:: Dataset items ::

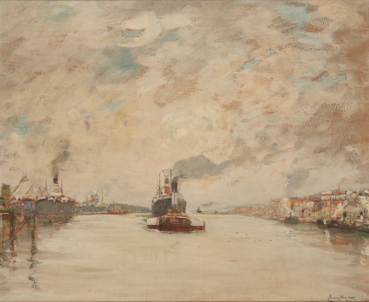 Westering Sun, River Clyde (olja ombord)(Westering Sun, River Clyde (oil on board))James Kay |
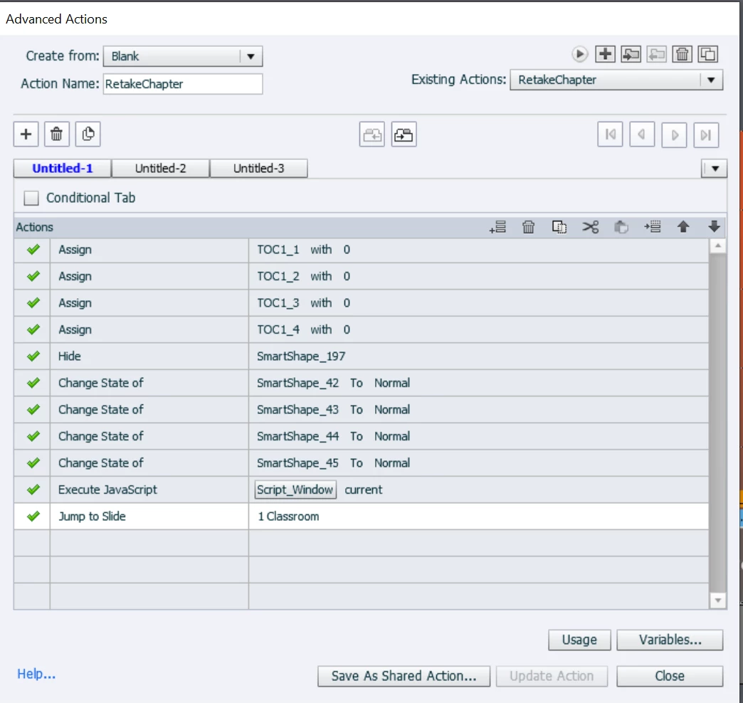 I re-engineered 2 dozen Captivate project files for our first course to be put in our AC Prime LMS, and the only portions of the Advanced Action that took was Hiding the Smartshapes that were previously Shown and Jumping to Slide 1.
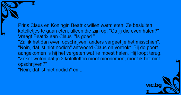 Prins Claus en Koningin Beatrix willen warm eten. Ze besluiten kotelletjes te gaan eten, alleen die zijn op. "Ga jij die even halen?" Vraagt Beatrix aan Claus. "Is goed."
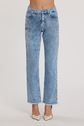 Pantalone ELLESPACK_20_SNZ vita media con spacchi laterali straight fit denim blu
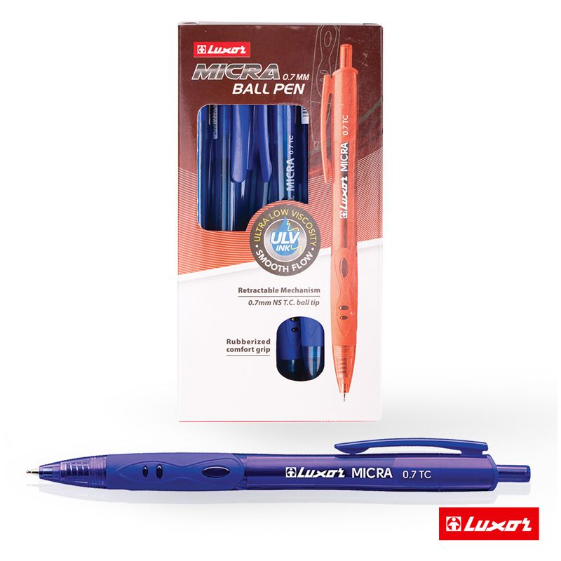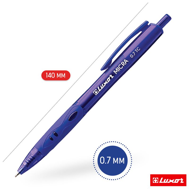 Ручка шариковая автоматическая Luxor "Micra" синяя, 0,7мм, грип
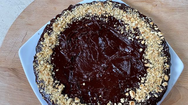 Amalgamate bene, mettete in uno stampo da forno da 24 cm di diametro, infornate a 180 gradi per 25/30 minuti. Scaldate 200 grammi di panna, sciogliete 200 grammi di cioccolato fondente tritato e una noce di burro. Versate nel centro della torta e spatolate su tutta la superficie. Completate con la granella di nocciole.
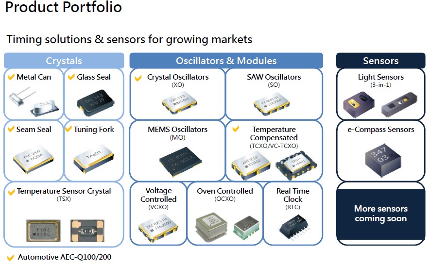 臺灣晶技為一專業(yè)之頻率組件與感測組件供貨商,自1983年成立以來,始終致力于石英晶體相關諧振器(Crystal)、振蕩器(Oscillator) 等頻率組件之研發(fā)、設計、生產(chǎn)"9HT10-32.768KBZF-T"與銷售,并因應市場應用與需求,透過自主核心技術,成功開發(fā)出各式感測組件(Sensor),產(chǎn)品可廣泛使用于行動通訊、穿戴式裝置、物聯(lián)網(wǎng)、服務器儲存設備、車用、電信、醫(yī)療…等市場.

:: WHAT THE TASK REQUIRES ::
What is needed is a word-for-word copy of the lines from the start of the data to the line with "Amalgamate bene, mettete", inclusive, with no pictures in it.

:: TASK OUTPUT ::
 Westering Sun, River Clyde (olja ombord)(Westering Sun, River Clyde (oil on board))James Kay |
 I re-engineered 2 dozen Captivate project files for our first course to be put in our AC Prime LMS, and the only portions of the Advanced Action that took was Hiding the Smartshapes that were previously Shown and Jumping to Slide 1.
 Prins Claus en Koningin Beatrix willen warm eten. Ze besluiten kotelletjes te gaan eten, alleen die zijn op. "Ga jij die even halen?" Vraagt Beatrix aan Claus. "Is goed."
 Pantalone ELLESPACK_20_SNZ vita media con spacchi laterali straight fit denim blu
 Ручка шариковая автоматическая Luxor "Micra" синяя, 0,7мм, грип
 Amalgamate bene, mettete in uno stampo da forno da 24 cm di diametro, infornate a 180 gradi per 25/30 minuti. Scaldate 200 grammi di panna, sciogliete 200 grammi di cioccolato fondente tritato e una noce di burro. Versate nel centro della torta e spatolate su tutta la superficie. Completate con la granella di nocciole.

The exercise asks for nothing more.